Task data: Begin

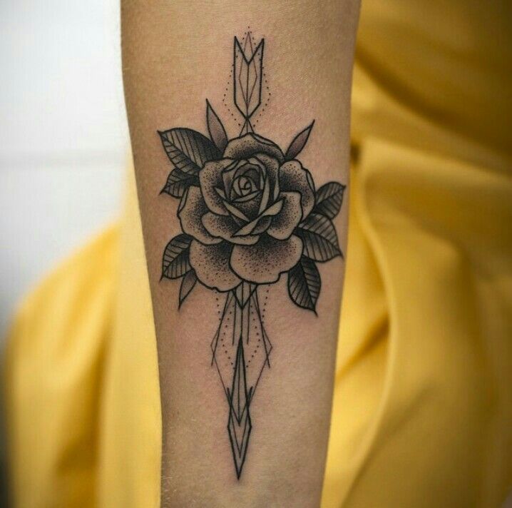 Роза , пронзенная кинжалом или в сопровождении одного имеет разные значения, это может означать совершенство или потерю страсти. Вы можете прочитать больше об этом в нашей статье Значение татуировки кинжала.
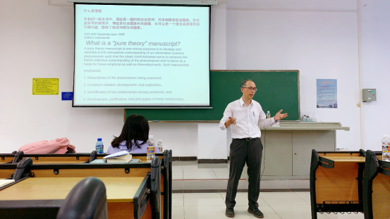 下午3:30,萧教授在ag九游会5号教学楼211教室继续为师生们带来一场精彩的学术讲座。萧教授以问题为导向,提出了“什么是理论的贡献?如何发掘理论的缺口?如何写出理论的贡献?”三个问题,并给予了回答。萧教授首先从理论的概念出发,向同学们先后介绍了科技接受模式,任务、科技适配理论,服务质量理论,期望确认理论,说明了理论对于期刊论文写作的贡献和重要性;随即从期望确认理论运用于信息系统领域、资料收集和研究模式三个角度回应如何发掘理论的缺口的问题。最后,萧教授以一篇整合ECT-IS和efficacy理论的文章为例子,回答期刊文章如何提出理论贡献。
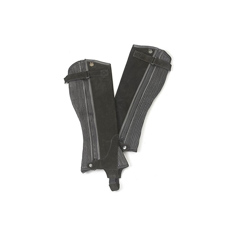 Artist Unknown Ovation Women's Ribbed Suede Leather Durable Lightweight Adjustable Breathable Horse Riding Half Chap, Black, Small (Regular)
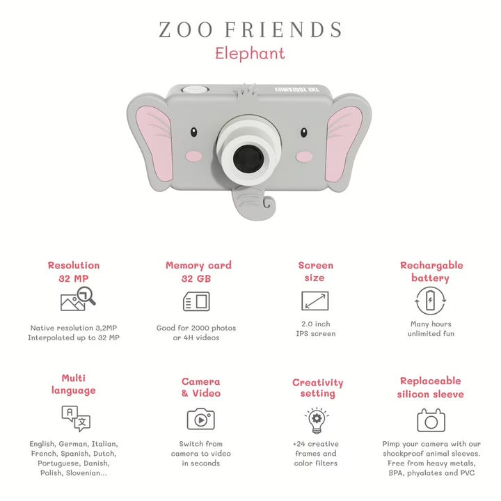 La Zoo Friends es una cámara digital con forma de animalitos ideal para los niños. Su cálida carcasa de silicona les anima a hacer fotos. La cámara está diseñada ergonómicamente para que las manos de los más pequeños puedan sujetarla y manejarla con facilidad.
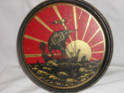 Title (ebay affiliate link): VINTAGE CANCO Round Candy TIN Queen Anne Co. HAMMOND IND Art Deco VIKING SHIP
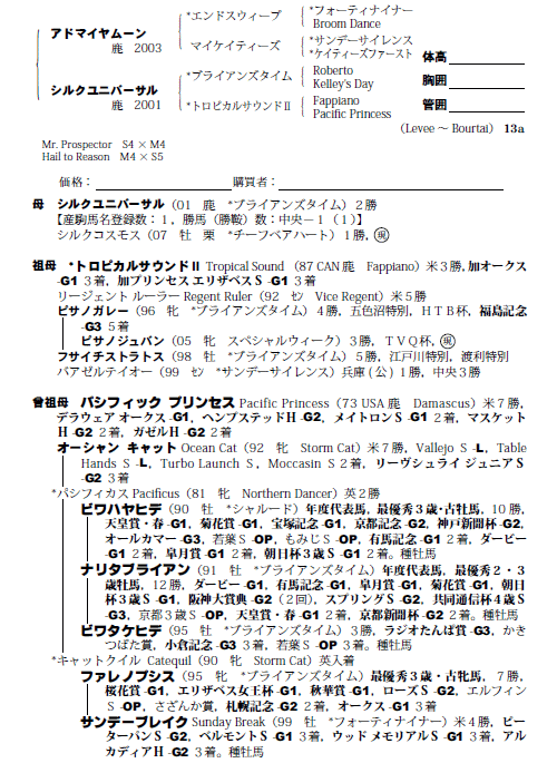| 父アドマイヤムーン 母シルクユニバーサル(母父ブライアンズタイム) |
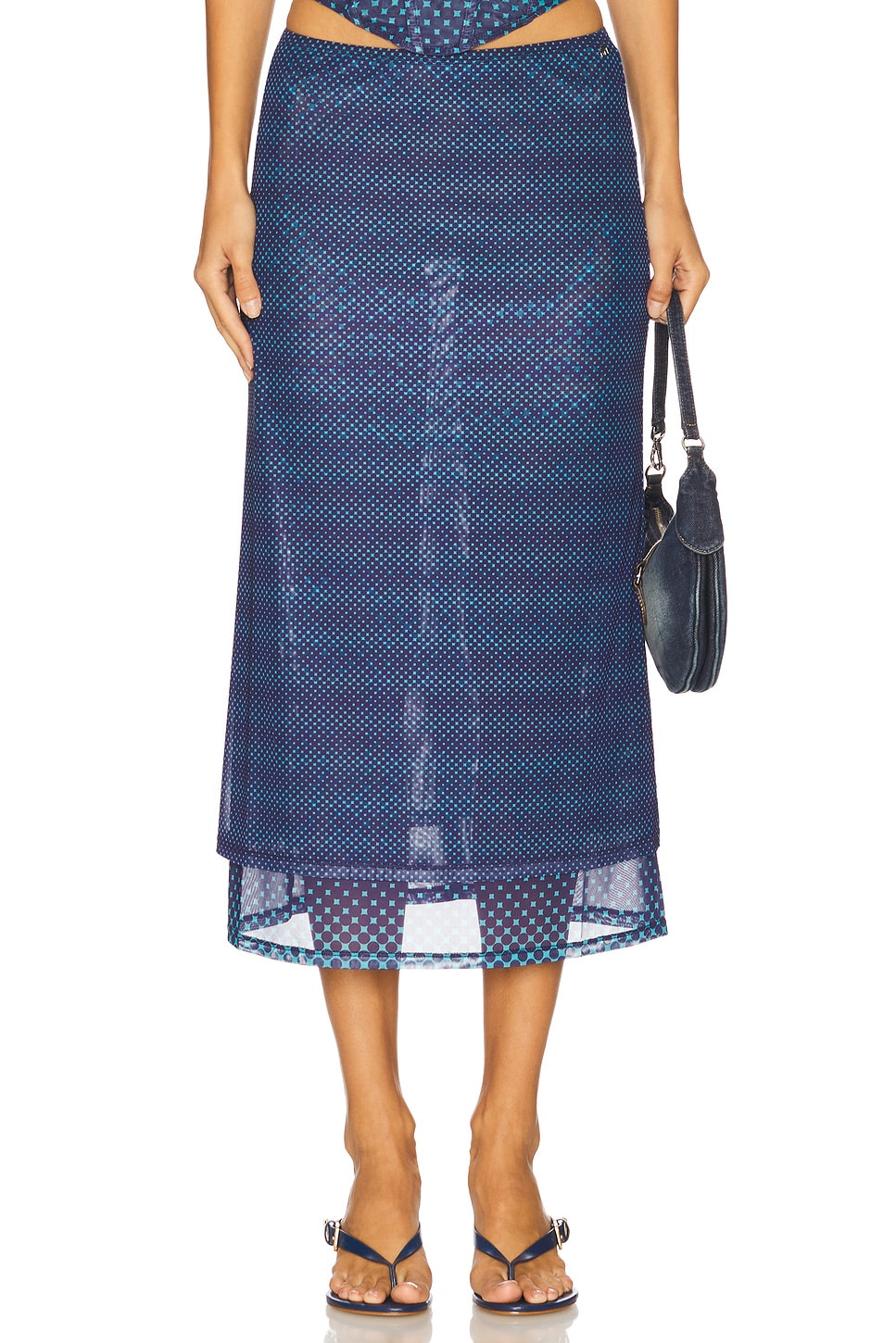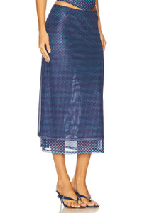 - 92% recycled polyester 8% spandex - Machine wash - Fully lined - Pull-on styling with elastic waistband - Lightweight mesh fabric - Garment is made with a semi-sheer fabric, undergarments can show through - Item not sold as a set - Skirt measures approx 32" in length - Revolve Style No. MAOU-WQ114 - Manufacturer Style No. 4064PM2WRP

Task data: End

All lines above between the line that contains "Title (ebay affiliate" and the last line of the entries, both included, must be transcribed exactly. No pictures are to appear.

 Title (ebay affiliate link): VINTAGE CANCO Round Candy TIN Queen Anne Co. HAMMOND IND Art Deco VIKING SHIP
| 父アドマイヤムーン 母シルクユニバーサル(母父ブライアンズタイム) |
 - 92% recycled polyester 8% spandex - Machine wash - Fully lined - Pull-on styling with elastic waistband - Lightweight mesh fabric - Garment is made with a semi-sheer fabric, undergarments can show through - Item not sold as a set - Skirt measures approx 32" in length - Revolve Style No. MAOU-WQ114 - Manufacturer Style No. 4064PM2WRP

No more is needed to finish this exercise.